Premier roman de la jeune Maeva Christelle Dubois, lauréate du Prix de littérature 2020 décerné par la Société Littéraire de Genève, je vous parle aujourd’hui de L’Ode et le Requiem paru aux Éditions Romann.

Quatrième de couverture

Kenshi, jeune comédien mû par l’irrépressible désir de dépasser sa propre insignifiance, éprouve une fascination maladive pour la Mort dont il refuse le caractère inéluctable. 
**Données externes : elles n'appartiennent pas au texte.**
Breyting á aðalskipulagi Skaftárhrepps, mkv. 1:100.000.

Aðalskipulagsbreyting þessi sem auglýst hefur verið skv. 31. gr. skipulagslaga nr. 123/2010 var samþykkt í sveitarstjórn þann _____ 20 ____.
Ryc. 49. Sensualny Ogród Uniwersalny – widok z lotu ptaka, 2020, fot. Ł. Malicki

Dévoré par son arrogance, il s’exile sur les terres quasi désertiques de la région de l’Albe. Dans ce haut lieu de blancheur et de désolation, à deux pas de la montagne éternelle dont les cimes frôlent l’éther, il tente d’apprendre, au fil des saisons, le silence et l’oubli. Son séjour est troublé par l’arrivée d’une violoniste qui lui joue un requiem d’une cruelle beauté. Il se pourrait qu’il trouve, à son contact, une manière de répondre à son insatiable besoin de grandeur. 


Mon avis

Kenshi, comédien dans la trentaine, fuit la ville pour passer une année au Hameau. Dans ce pays imaginaire, la région de l’Albe est une terre lointaine, délaissée. Sur les conseils d’un ami lui-même originaire de ce coin reculé, le jeune homme fait le pari d’y passer de longs mois et espère trouver des réponses à ses doutes permanents sur son besoin de grandeur et sur la Mort, et aussi de tenter de guérir de son arrogance.
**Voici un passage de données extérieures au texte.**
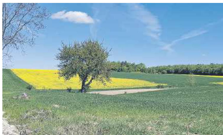
Kompostownia miała stanąć w tym miejscu

- Brak zgody na tę inwestycję jest oznaką dojrzałości i głębokiej mądrości lokalnej społeczności, która wie, że tutaj, w dzikich Kraszczadach cenniejsze od pieniędzy za wszelką cenę jest przyszłość kolejnych pokoleń - mówi nasza rozmówczyni. - Na skrajny absurd zakrawa próba składowania i przetwarzania odpadów w regionie,
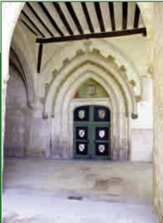
Entrada del Convento

DE LO QUE REBOSA EL VASO ES DE LO QUE SE PUEDE DAR

Ses débuts dans le Hameau sont compliqués, les habitants ne s’intéressent pas à lui, il ne tisse pas de liens avec eux, voire il se fâche avec certains car il ne partage par les mêmes points de vue et les autres déplorent son arrogance flagrante. Seul Mortimer, le gérant de la pension où loge le jeune homme, lui porte une attention particulière, qui se transformera en amitié. Après quelques mois, dans la pension, Kenshi entend une mélodie jouée au violon, magnifique mais douloureuse. Il fait alors la rencontre de Chara, une adolescente de 18 ans. Une rencontre surprenante mais décisive pour le jeune homme, une rencontre qui va tout remettre en question mais pas comme on pourrait l’imaginer…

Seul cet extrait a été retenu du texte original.